La nocivité du Teflon enfin dénoncée

Après le bisphénol A, le Réseau environnement santé (RES) dénonce les risques du PFOA pour la santé. Le chimiste DuPont, utilisateur de cette substance pour le Teflon de ses poêles  en a annoncé le retrait. À quand l’aveu de nos autorités de santé.


 

Le 6 octobre 2009, le chimiste DuPont s’est engagé à mettre un terme à l’utilisation de PFOA (acide perfluorooctanoïque) pour fabriquer le revêtement antiadhésif Teflon présent dans ses poêles et autres ustensiles de cuisine. Si cette substance a grandement facilité le travail de la ménagère, elle émet quand on la chauffe, à cause du PFOA, des produits toxiques. Une toxicité qui a alerté le Réseau environnement santé (RES). Pourtant officiellement, « le risque pour la santé est négligeable » a conclu récemment l’Agence française de sécurité sanitaire des aliments (AFSSA).
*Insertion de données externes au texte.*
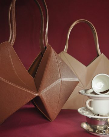 O conceito do “dobrar” se traduz em três possibilidades de modelagens, a partir da mesma peça. Através dessas dobraduras, a bolsa apresenta três formatos totalmente diferentes para usar: um no modelo sacola, com uma construção ampla, o segundo no modelo sacola com fecho por botão, e uma handbag, fechada e menor separada em duas partes. Em dois tamanhos diferentes – normal e large -, o item aparece em cinco cores atemporais, com foco nos tons neutros como preto, off white, cinza, castanho e bege claro.

Qu’est-ce qui a pu alors inciter la société DuPont à supprimer le PFOA de son produit vedette ? La société est en fait aux premières loges pour constater ses effets néfastes. D’ailleurs, son commentaire résonne comme un aveu : « La présence de PFOA en très faible quantité dans le sang de la population générale soulève des questions. » Aux États-Unis cela fait près de quarante ans que des associations dénoncent les problèmes engendrés par cette substance.

Le PFOA fait en effet partie d’une famille de produits organiques persistants, les perfluorés. Il a été associé à une augmentation du taux de cholestérol, mais aussi une hausse du nombre de cancer de la prostate en milieu professionnel. Des études sur l’animal ont montré des effets neurologiques, des atteintes du système immunitaire. Enfin, dernièrement, une étude américano-danoise a constaté un impact sur la qualité du sperme. Ainsi chez des hommes jeunes imprégnés, le nombre de spermatozoïdes est de 6,2 millions en moyenne contre 15,5 millions pour les autres. En dessous de 6,2 millions, on parle de stérilité. Pour toutes ces raisons, le RES a demandé l’interdiction généralisée du PFOA.

Les conséquences sont d’autant plus importantes que cette substance est aussi utilisée dans de nombreux produits – emballages pour pizzas, moquettes antitaches, textiles du type Gore-Tex – on la retrouve donc dans l’environnement quand ces produits se dégradent. Elle a été détectée dans 97 % des échantillons prélevés dans plus de cent rivières au niveau européen. « Or l’AFSSA n’a pris en compte que les sources d’exposition des poêles téflonées », dénonce le RES. Par ailleurs, seul le PFOA a été étudié. « Aujourd’hui, on sait qu’il existe des interactions également toxiques avec d’autres composants perfluorés, comme le PFOS », poursuit l’association.

Tout comme l’a déjà montré l’exemple du bisphénol A, la question du PFOA souligne la défaillance de nos méthodes d’analyse de toxicité. Mais les choses vont peut-être changer. L’AFFSSA vient de se déclarer favorable à la réouverture de l’expertise sur le bisphénol A et promet de revoir son approche pour le PFOA. La suite nous dira si c’est pour gagner du temps… ou si Dupont a bien fait de changer son mode de fabrication.